WORK INSTRUCTION: Beginning with the line that contains "Chico's Pink Paisley", retype the entries below exactly, ending with the line that contains "Alohadaddy Vintage Bowling". Leave out any pictures.

DATASET ENTRIES:
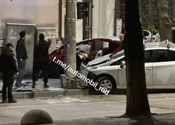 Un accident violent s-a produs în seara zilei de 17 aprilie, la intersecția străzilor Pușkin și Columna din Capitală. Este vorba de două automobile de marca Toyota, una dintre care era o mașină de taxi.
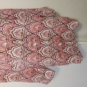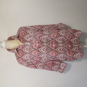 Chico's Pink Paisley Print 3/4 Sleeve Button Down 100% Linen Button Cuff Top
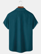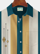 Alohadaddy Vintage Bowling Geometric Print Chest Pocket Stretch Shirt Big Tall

* * *

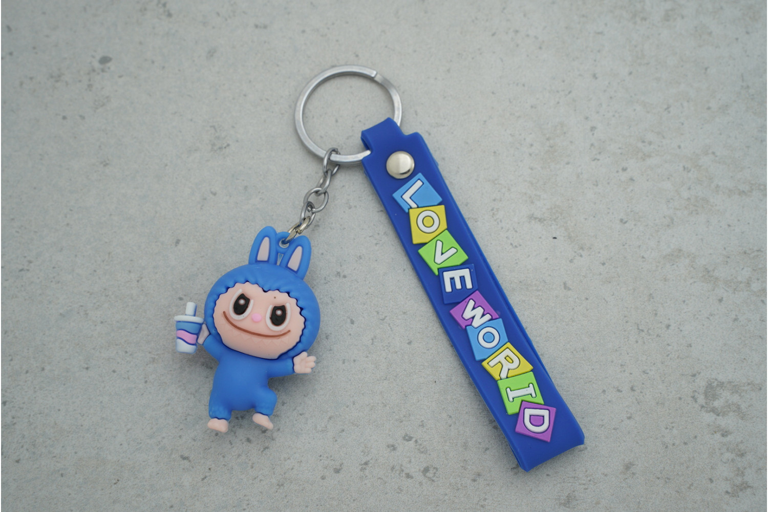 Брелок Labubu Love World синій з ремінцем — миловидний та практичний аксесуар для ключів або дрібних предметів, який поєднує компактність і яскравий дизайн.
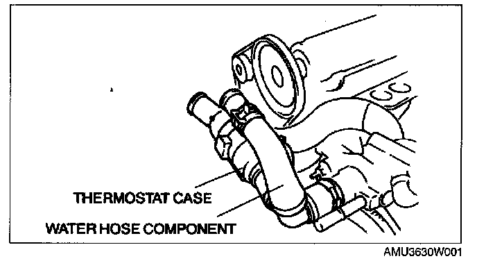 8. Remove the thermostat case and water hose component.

EXERCISE RESPONSE:
 Chico's Pink Paisley Print 3/4 Sleeve Button Down 100% Linen Button Cuff Top
 Alohadaddy Vintage Bowling Geometric Print Chest Pocket Stretch Shirt Big Tall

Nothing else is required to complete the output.